** What you need to do **
Please write out the full listing beneath this line exactly, skipping its images.

** Available data **
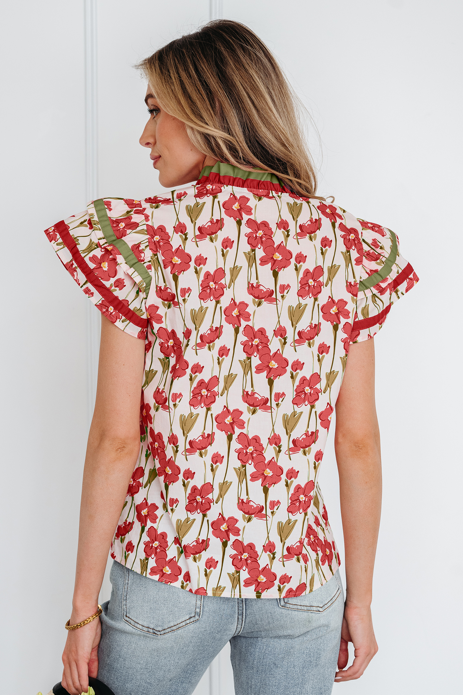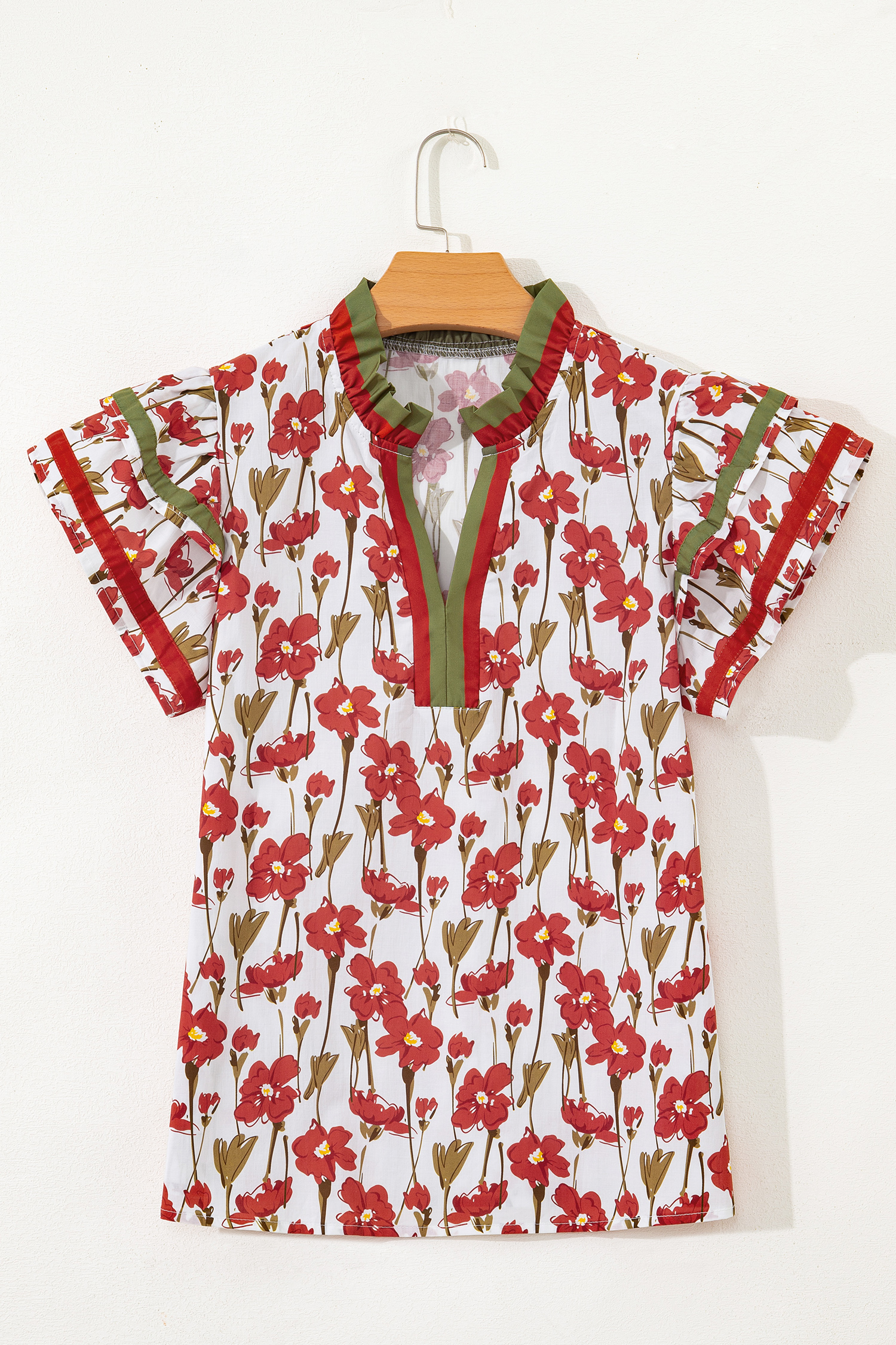 - Elegant floral print blouse with contrast trim adds a refined feminine vibe.
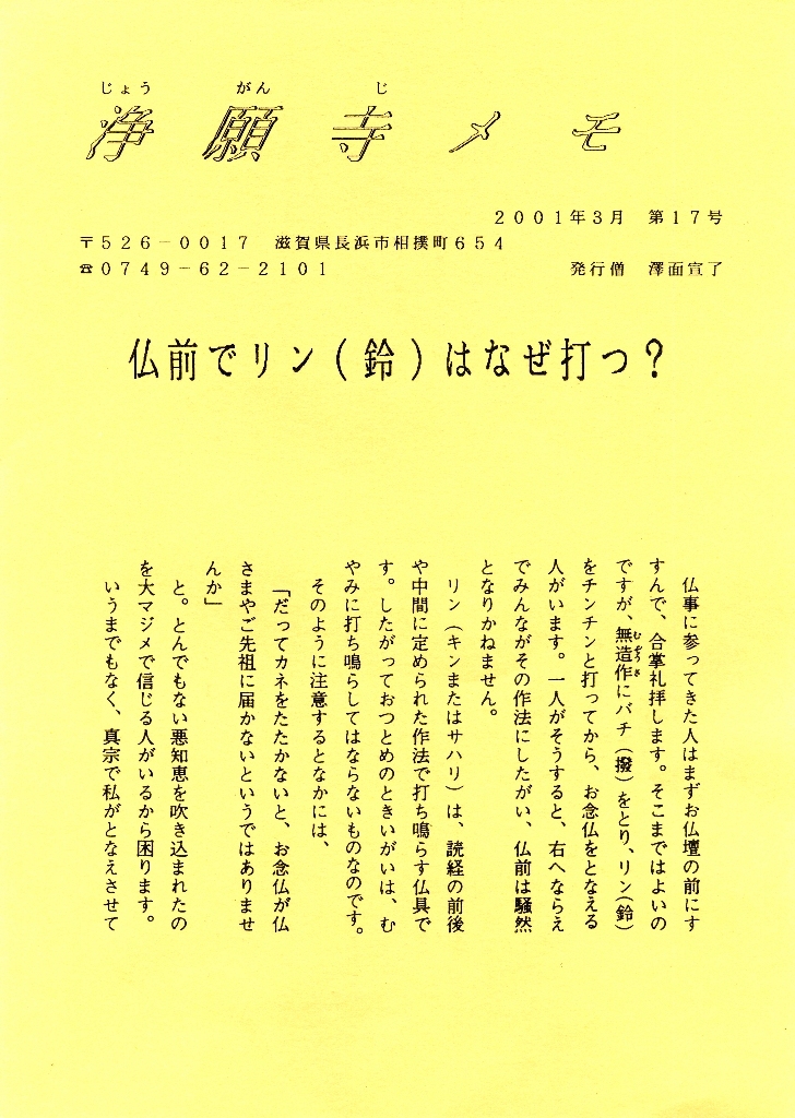 ●テーマ 仏前でリン(鈴)はなぜ打つ?(17号)
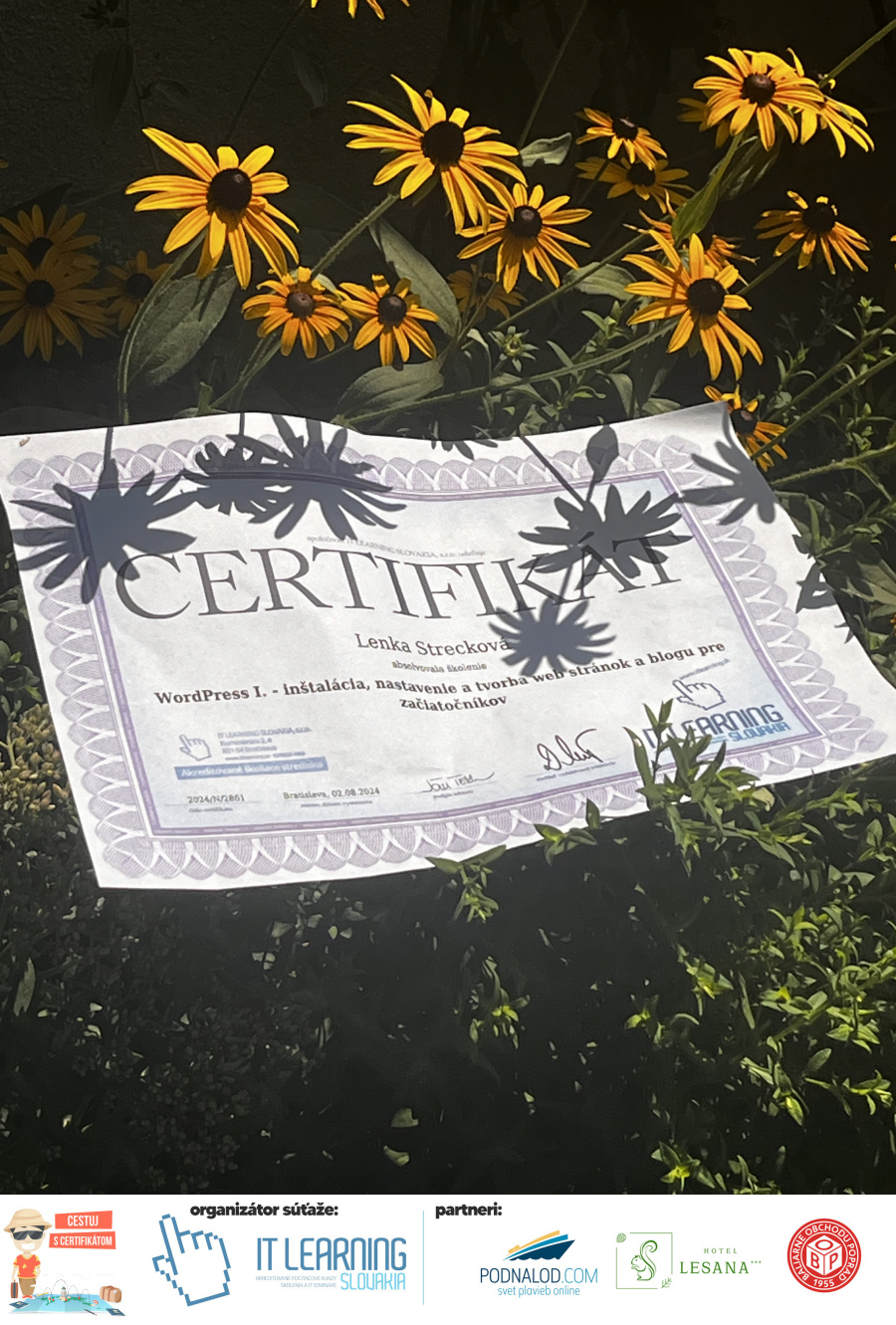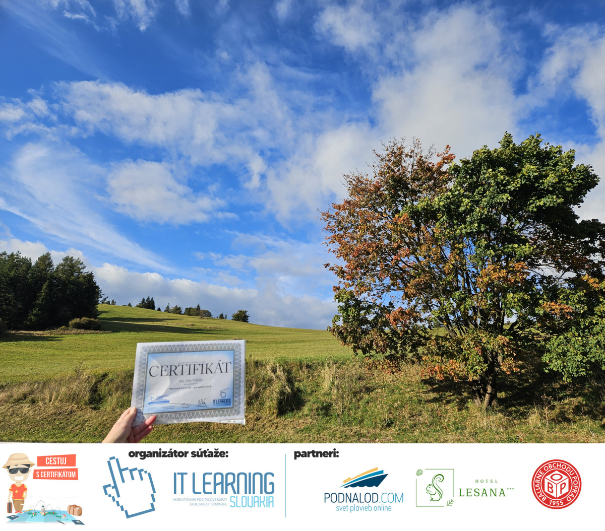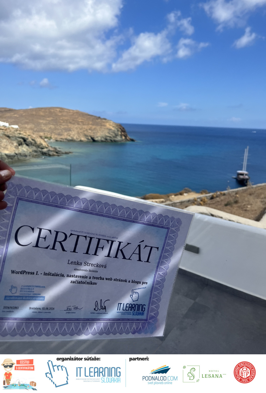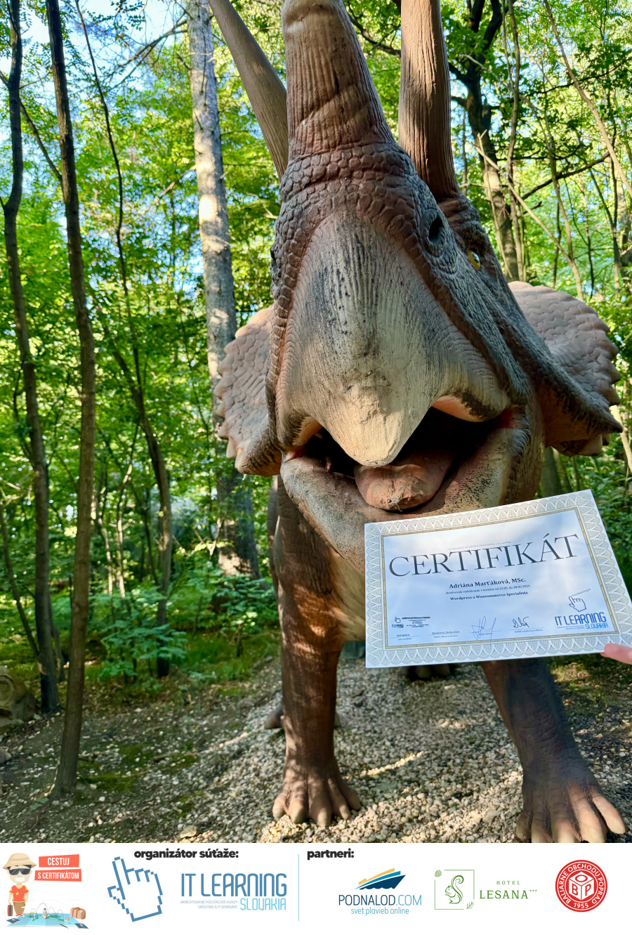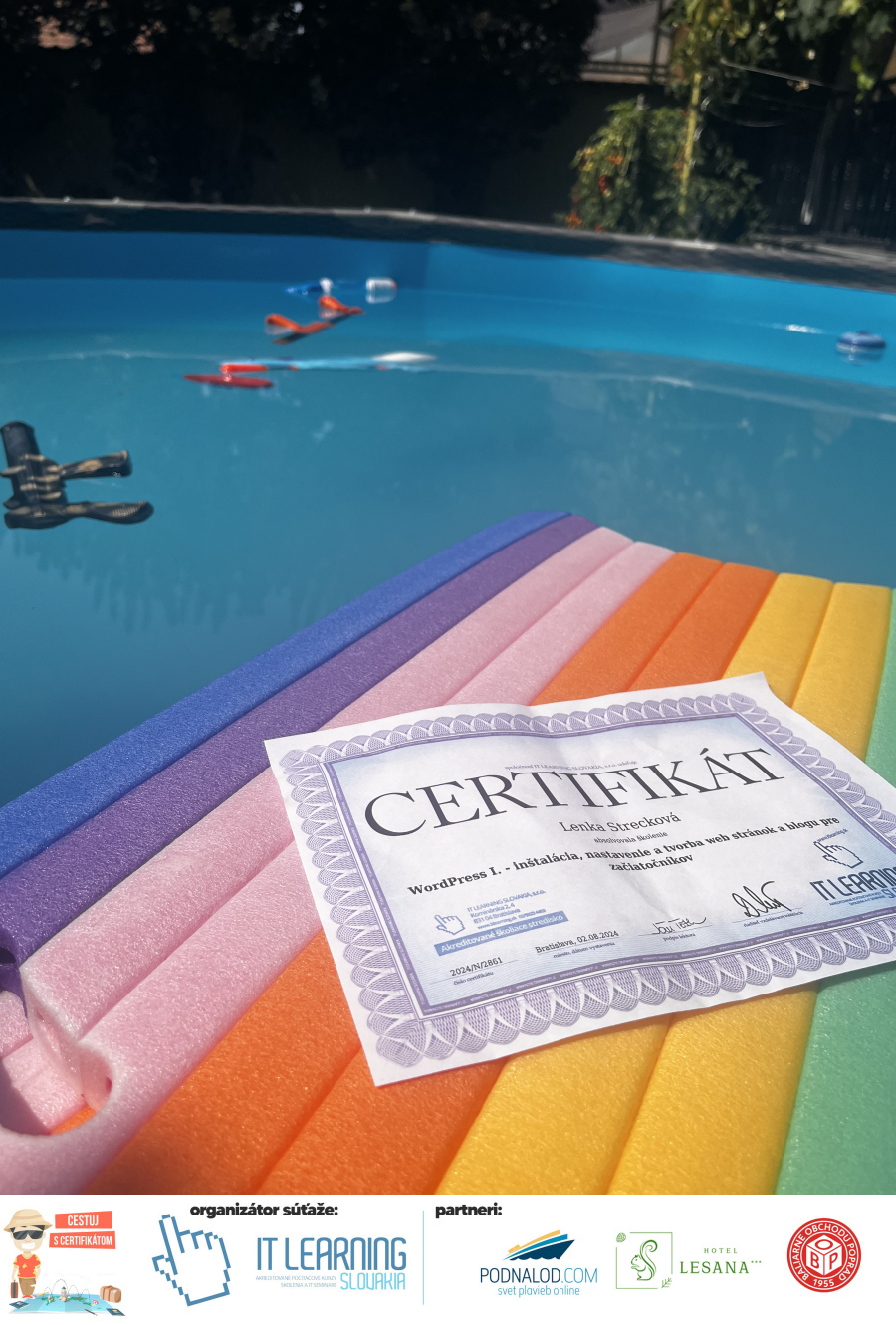 Boli ste u nás niekedy na kurze? Online alebo v našej učebni? To je skvelé, pretože určite máte z kurzu certifikát. Zoberte tento rok svoj certifikát, ktorý ste u nás získali so sebou na dovolenku, či kamkoľvek na výlet, do záhrady, na chatu, na párty, k vode, na čln, do Tatier, či na Rysy alebo len tak na prechádzku, či na túru do lesa, do ZOO alebo na hrad, na balón, do lietadla, do parku, či na pieskovisko – proste kamkoľvek, kde sa cítite dobre a pošlite nám fotku, na ktorej s vami certifikát relaxuje a hrajte o fantastické ceny! Chceme náš (vlastne jednoznačne už váš) certifikát vidieť inde ako na stene, v šuflíku alebo v skrinke.

** Result for this exercise **
 - Elegant floral print blouse with contrast trim adds a refined feminine vibe.
 ●テーマ 仏前でリン(鈴)はなぜ打つ?(17号)
 Boli ste u nás niekedy na kurze? Online alebo v našej učebni? To je skvelé, pretože určite máte z kurzu certifikát. Zoberte tento rok svoj certifikát, ktorý ste u nás získali so sebou na dovolenku, či kamkoľvek na výlet, do záhrady, na chatu, na párty, k vode, na čln, do Tatier, či na Rysy alebo len tak na prechádzku, či na túru do lesa, do ZOO alebo na hrad, na balón, do lietadla, do parku, či na pieskovisko – proste kamkoľvek, kde sa cítite dobre a pošlite nám fotku, na ktorej s vami certifikát relaxuje a hrajte o fantastické ceny! Chceme náš (vlastne jednoznačne už váš) certifikát vidieť inde ako na stene, v šuflíku alebo v skrinke.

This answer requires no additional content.